** Exercise input follows **
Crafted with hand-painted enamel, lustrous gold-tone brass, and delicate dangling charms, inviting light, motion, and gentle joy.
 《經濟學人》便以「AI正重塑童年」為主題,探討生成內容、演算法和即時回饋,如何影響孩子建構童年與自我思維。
** End of Exercise input **
** Exercise input follows **
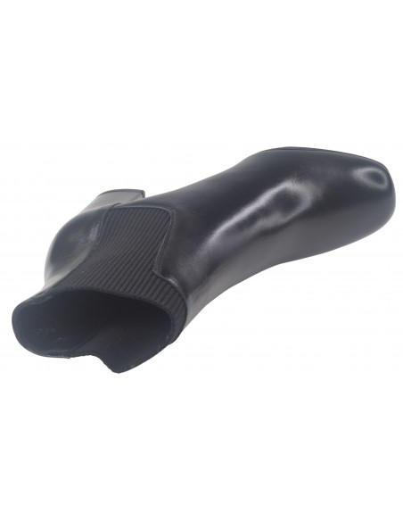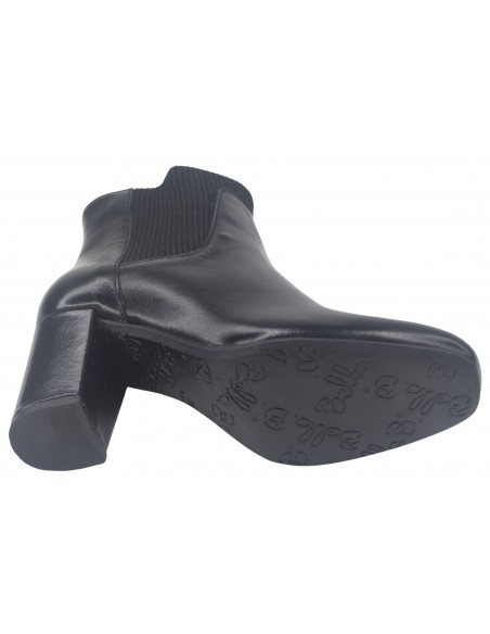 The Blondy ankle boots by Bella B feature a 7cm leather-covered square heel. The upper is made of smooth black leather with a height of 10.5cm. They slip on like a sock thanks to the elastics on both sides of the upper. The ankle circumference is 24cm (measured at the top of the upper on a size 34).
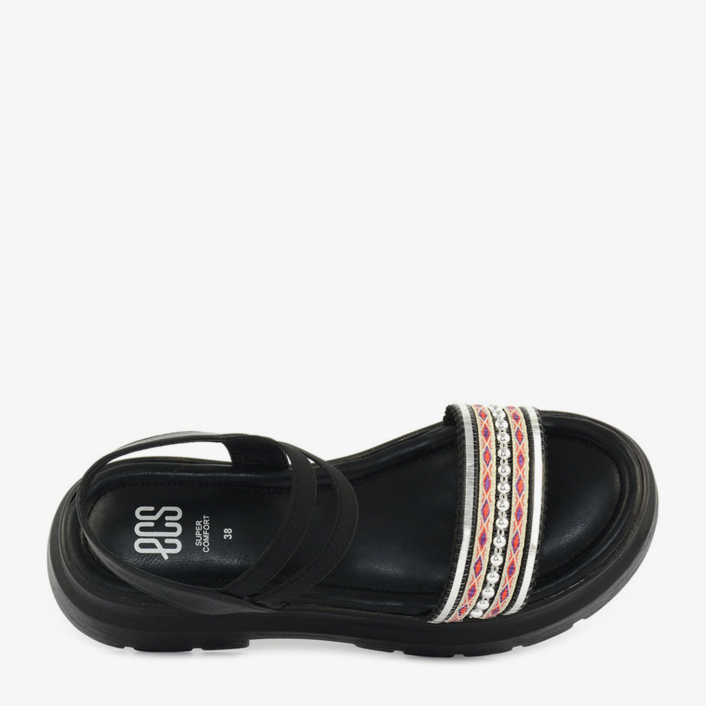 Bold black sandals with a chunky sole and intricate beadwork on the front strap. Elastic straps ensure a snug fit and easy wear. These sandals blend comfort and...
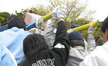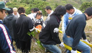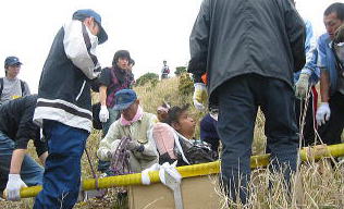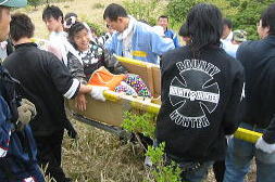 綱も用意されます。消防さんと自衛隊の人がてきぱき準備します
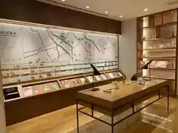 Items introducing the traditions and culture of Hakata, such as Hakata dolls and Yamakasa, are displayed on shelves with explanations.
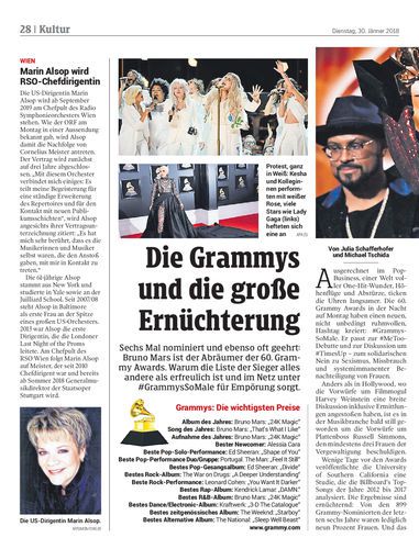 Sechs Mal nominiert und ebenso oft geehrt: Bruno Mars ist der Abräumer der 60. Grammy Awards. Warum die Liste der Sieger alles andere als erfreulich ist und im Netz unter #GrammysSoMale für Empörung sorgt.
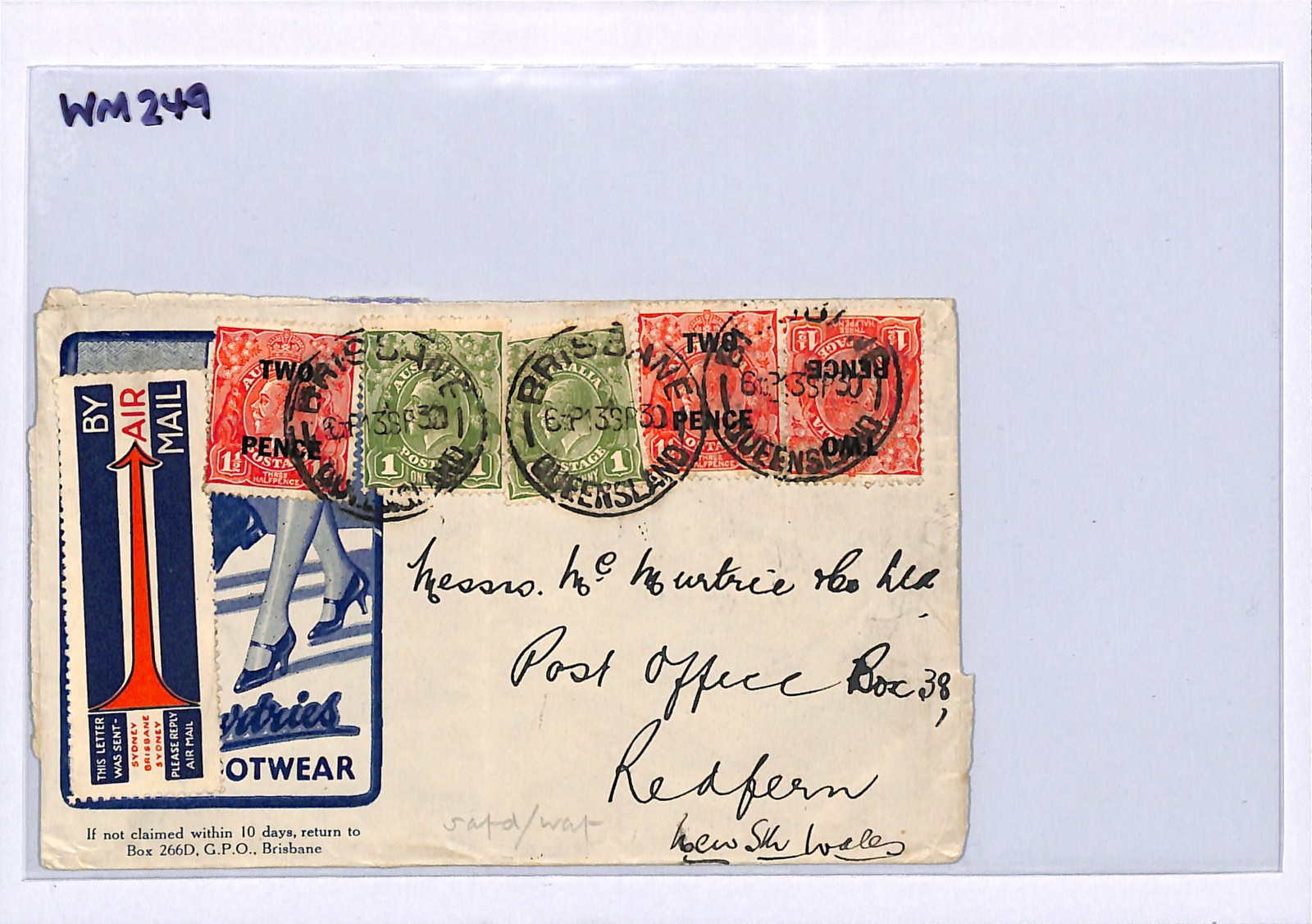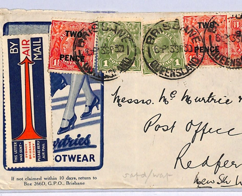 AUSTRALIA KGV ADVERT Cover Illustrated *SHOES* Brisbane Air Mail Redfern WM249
** End of Exercise input **
Your answer should be the exact lines above from the one containing "Bold black sandals" through the one containing "Items introducing the", with both end lines kept and the pictures removed, please.

* **Answer to the exercise**
 Bold black sandals with a chunky sole and intricate beadwork on the front strap. Elastic straps ensure a snug fit and easy wear. These sandals blend comfort and...
 綱も用意されます。消防さんと自衛隊の人がてきぱき準備します
 Items introducing the traditions and culture of Hakata, such as Hakata dolls and Yamakasa, are displayed on shelves with explanations.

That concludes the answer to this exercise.